# Excerpted data
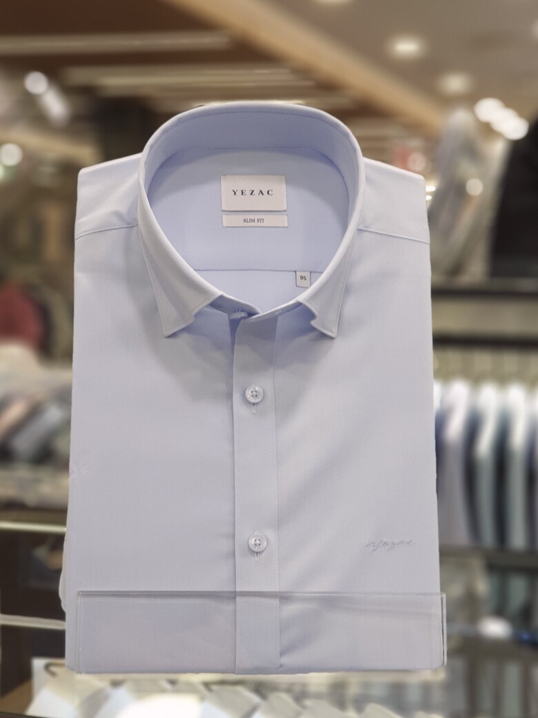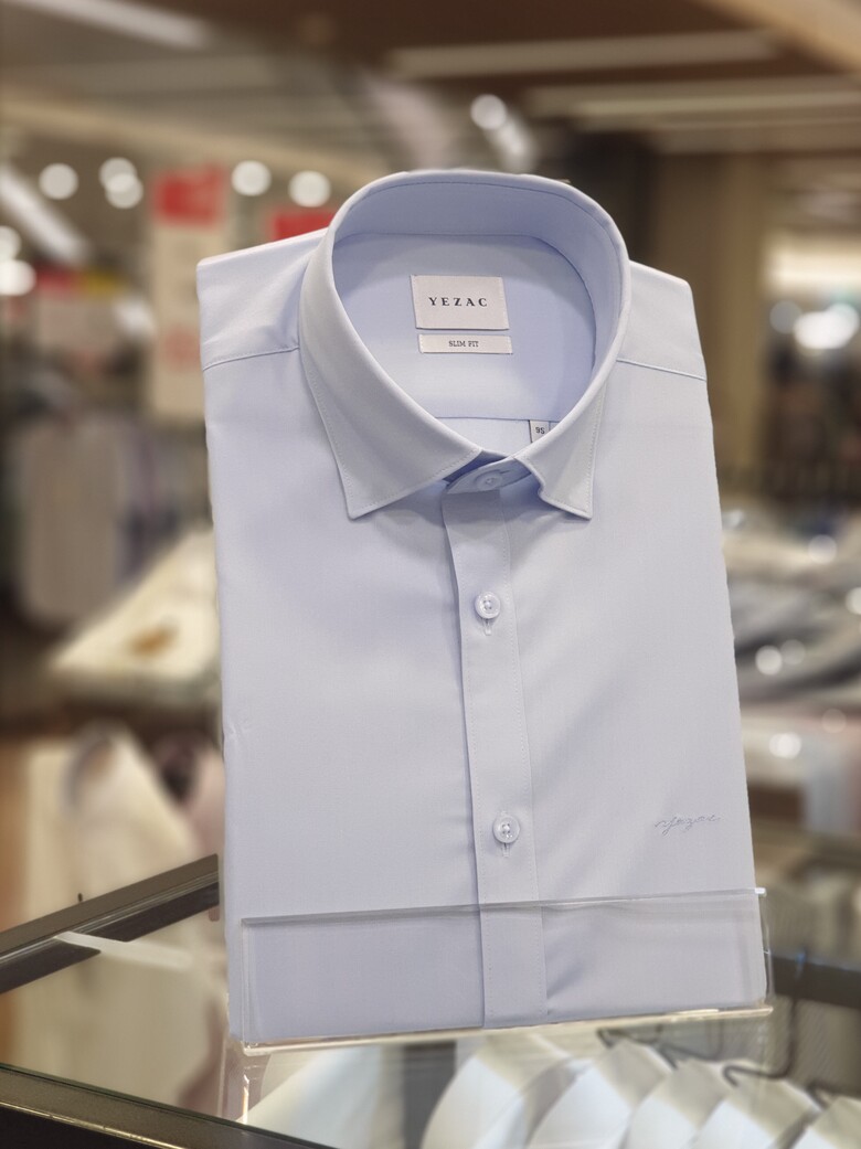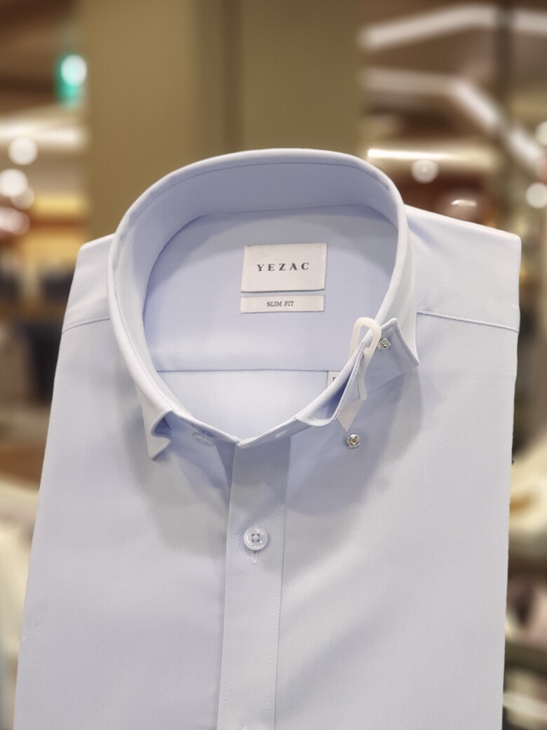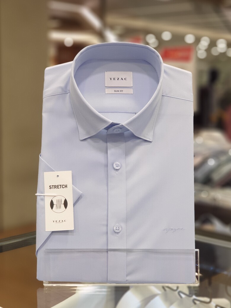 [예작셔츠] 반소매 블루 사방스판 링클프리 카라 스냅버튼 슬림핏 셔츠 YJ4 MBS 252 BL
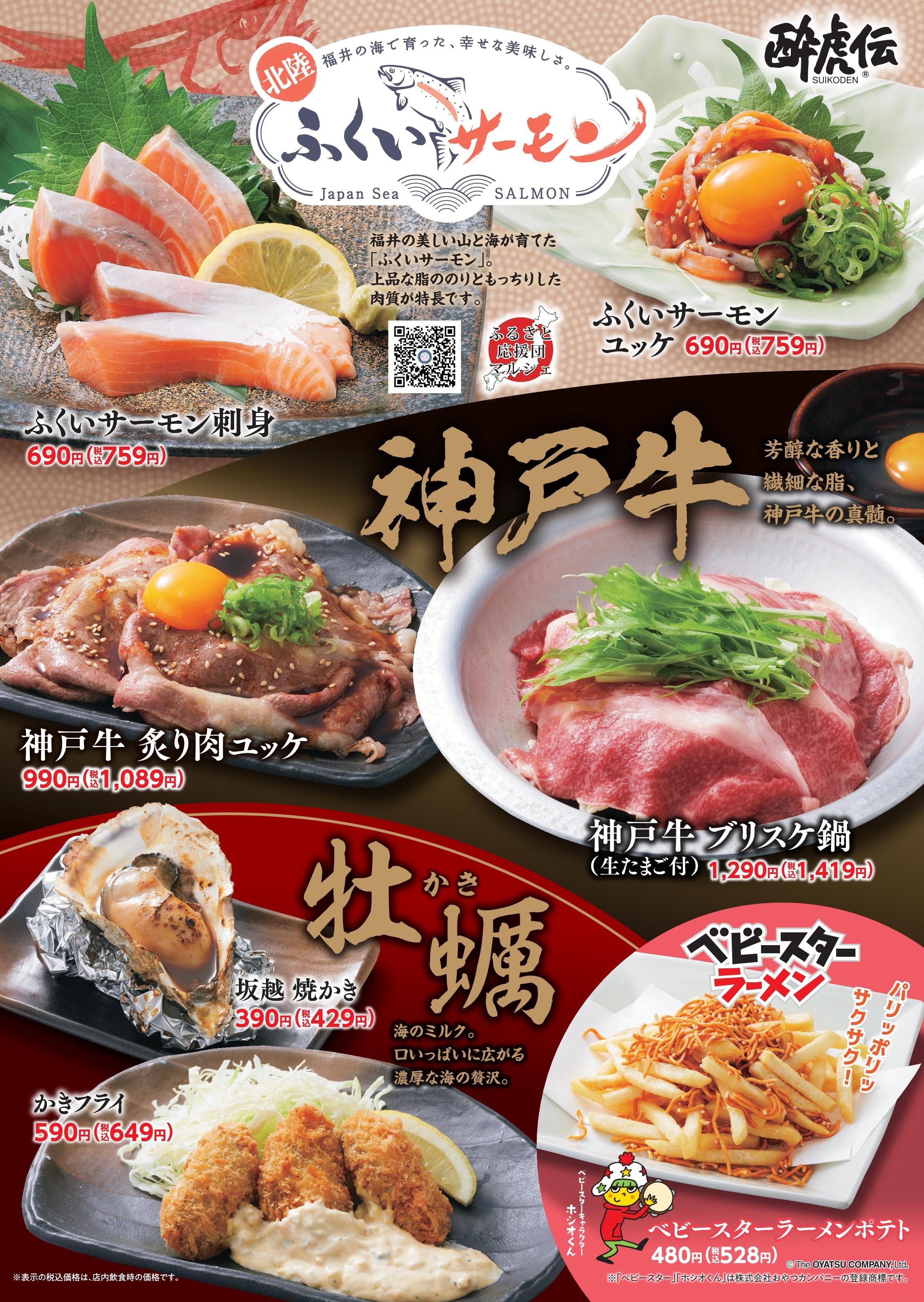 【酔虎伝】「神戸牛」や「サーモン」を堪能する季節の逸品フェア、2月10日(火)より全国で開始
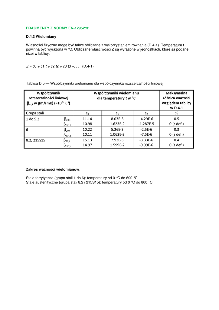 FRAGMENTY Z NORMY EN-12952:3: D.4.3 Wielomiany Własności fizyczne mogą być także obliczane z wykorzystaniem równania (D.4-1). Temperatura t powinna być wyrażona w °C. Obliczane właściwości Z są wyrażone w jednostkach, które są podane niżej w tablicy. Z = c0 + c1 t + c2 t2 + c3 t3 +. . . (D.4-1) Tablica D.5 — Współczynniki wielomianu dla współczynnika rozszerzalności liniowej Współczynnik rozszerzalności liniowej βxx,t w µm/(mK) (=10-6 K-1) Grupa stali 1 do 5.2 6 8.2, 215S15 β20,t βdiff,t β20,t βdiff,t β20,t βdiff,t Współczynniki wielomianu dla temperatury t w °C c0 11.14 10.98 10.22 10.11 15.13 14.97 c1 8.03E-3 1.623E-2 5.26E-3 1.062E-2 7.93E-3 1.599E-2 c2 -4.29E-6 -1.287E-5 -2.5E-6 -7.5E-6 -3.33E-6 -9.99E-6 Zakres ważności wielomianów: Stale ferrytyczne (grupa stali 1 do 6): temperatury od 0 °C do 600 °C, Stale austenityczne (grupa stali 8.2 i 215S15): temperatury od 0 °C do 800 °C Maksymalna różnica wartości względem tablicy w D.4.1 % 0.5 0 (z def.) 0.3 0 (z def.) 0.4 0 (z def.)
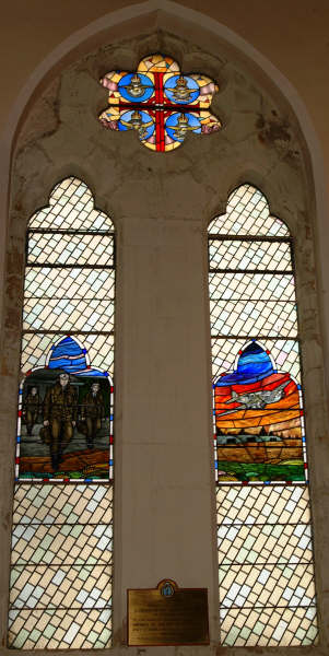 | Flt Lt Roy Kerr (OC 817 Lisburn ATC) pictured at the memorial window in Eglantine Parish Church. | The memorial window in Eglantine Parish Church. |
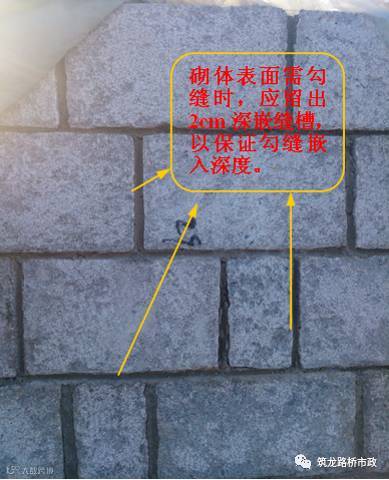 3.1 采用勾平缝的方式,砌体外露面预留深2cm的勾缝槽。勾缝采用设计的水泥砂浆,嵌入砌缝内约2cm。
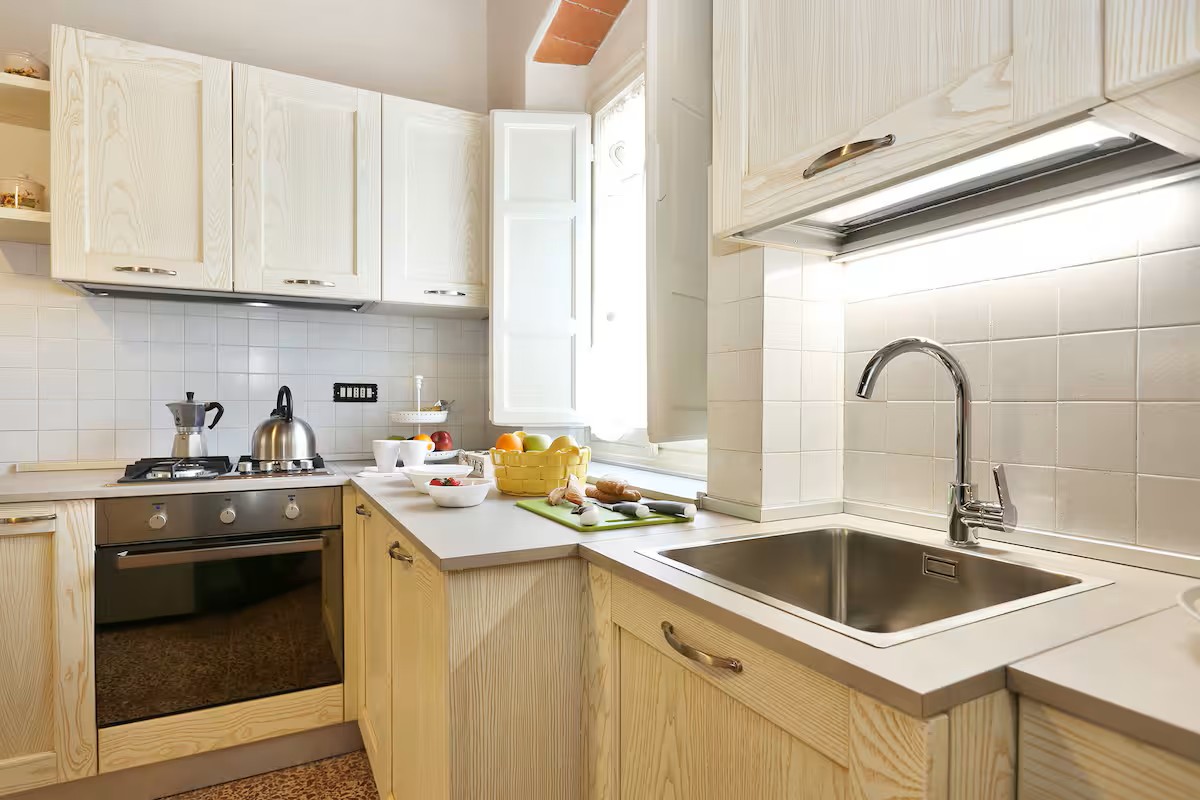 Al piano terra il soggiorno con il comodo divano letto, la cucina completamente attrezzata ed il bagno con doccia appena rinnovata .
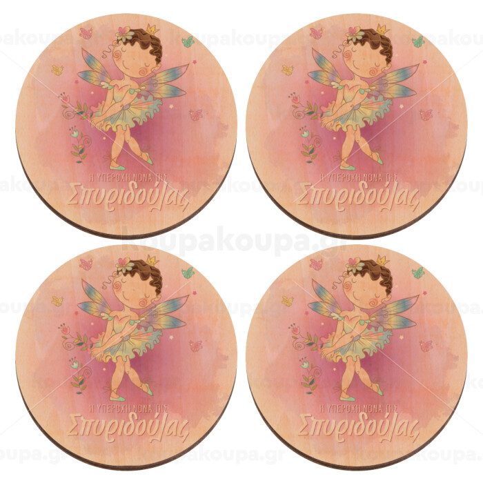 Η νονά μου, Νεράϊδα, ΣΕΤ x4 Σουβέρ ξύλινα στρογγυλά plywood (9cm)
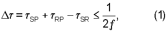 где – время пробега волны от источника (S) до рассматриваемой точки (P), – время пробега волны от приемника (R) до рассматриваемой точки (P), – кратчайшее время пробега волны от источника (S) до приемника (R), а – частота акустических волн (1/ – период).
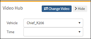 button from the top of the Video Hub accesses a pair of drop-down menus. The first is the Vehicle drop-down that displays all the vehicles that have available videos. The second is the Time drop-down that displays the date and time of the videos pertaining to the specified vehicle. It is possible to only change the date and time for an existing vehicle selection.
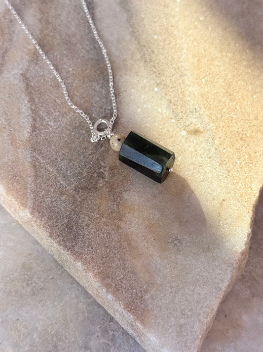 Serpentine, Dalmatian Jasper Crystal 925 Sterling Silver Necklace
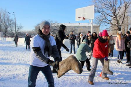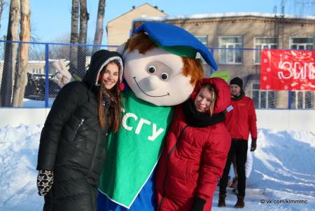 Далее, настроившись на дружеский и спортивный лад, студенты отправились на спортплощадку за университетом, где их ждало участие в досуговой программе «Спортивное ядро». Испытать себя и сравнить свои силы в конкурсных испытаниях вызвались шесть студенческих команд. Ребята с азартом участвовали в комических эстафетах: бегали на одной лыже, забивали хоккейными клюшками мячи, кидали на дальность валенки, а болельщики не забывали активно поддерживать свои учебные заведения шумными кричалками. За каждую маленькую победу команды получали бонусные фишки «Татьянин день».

# Exercise
The task requires the full listing to be given again verbatim, without its pictures.

# Written response
 [예작셔츠] 반소매 블루 사방스판 링클프리 카라 스냅버튼 슬림핏 셔츠 YJ4 MBS 252 BL
 【酔虎伝】「神戸牛」や「サーモン」を堪能する季節の逸品フェア、2月10日(火)より全国で開始
 FRAGMENTY Z NORMY EN-12952:3: D.4.3 Wielomiany Własności fizyczne mogą być także obliczane z wykorzystaniem równania (D.4-1). Temperatura t powinna być wyrażona w °C. Obliczane właściwości Z są wyrażone w jednostkach, które są podane niżej w tablicy. Z = c0 + c1 t + c2 t2 + c3 t3 +. . . (D.4-1) Tablica D.5 — Współczynniki wielomianu dla współczynnika rozszerzalności liniowej Współczynnik rozszerzalności liniowej βxx,t w µm/(mK) (=10-6 K-1) Grupa stali 1 do 5.2 6 8.2, 215S15 β20,t βdiff,t β20,t βdiff,t β20,t βdiff,t Współczynniki wielomianu dla temperatury t w °C c0 11.14 10.98 10.22 10.11 15.13 14.97 c1 8.03E-3 1.623E-2 5.26E-3 1.062E-2 7.93E-3 1.599E-2 c2 -4.29E-6 -1.287E-5 -2.5E-6 -7.5E-6 -3.33E-6 -9.99E-6 Zakres ważności wielomianów: Stale ferrytyczne (grupa stali 1 do 6): temperatury od 0 °C do 600 °C, Stale austenityczne (grupa stali 8.2 i 215S15): temperatury od 0 °C do 800 °C Maksymalna różnica wartości względem tablicy w D.4.1 % 0.5 0 (z def.) 0.3 0 (z def.) 0.4 0 (z def.)
 | Flt Lt Roy Kerr (OC 817 Lisburn ATC) pictured at the memorial window in Eglantine Parish Church. | The memorial window in Eglantine Parish Church. |
 3.1 采用勾平缝的方式,砌体外露面预留深2cm的勾缝槽。勾缝采用设计的水泥砂浆,嵌入砌缝内约2cm。
 Al piano terra il soggiorno con il comodo divano letto, la cucina completamente attrezzata ed il bagno con doccia appena rinnovata .
 Η νονά μου, Νεράϊδα, ΣΕΤ x4 Σουβέρ ξύλινα στρογγυλά plywood (9cm)
 где – время пробега волны от источника (S) до рассматриваемой точки (P), – время пробега волны от приемника (R) до рассматриваемой точки (P), – кратчайшее время пробега волны от источника (S) до приемника (R), а – частота акустических волн (1/ – период).
 button from the top of the Video Hub accesses a pair of drop-down menus. The first is the Vehicle drop-down that displays all the vehicles that have available videos. The second is the Time drop-down that displays the date and time of the videos pertaining to the specified vehicle. It is possible to only change the date and time for an existing vehicle selection.
 Serpentine, Dalmatian Jasper Crystal 925 Sterling Silver Necklace
 Далее, настроившись на дружеский и спортивный лад, студенты отправились на спортплощадку за университетом, где их ждало участие в досуговой программе «Спортивное ядро». Испытать себя и сравнить свои силы в конкурсных испытаниях вызвались шесть студенческих команд. Ребята с азартом участвовали в комических эстафетах: бегали на одной лыже, забивали хоккейными клюшками мячи, кидали на дальность валенки, а болельщики не забывали активно поддерживать свои учебные заведения шумными кричалками. За каждую маленькую победу команды получали бонусные фишки «Татьянин день».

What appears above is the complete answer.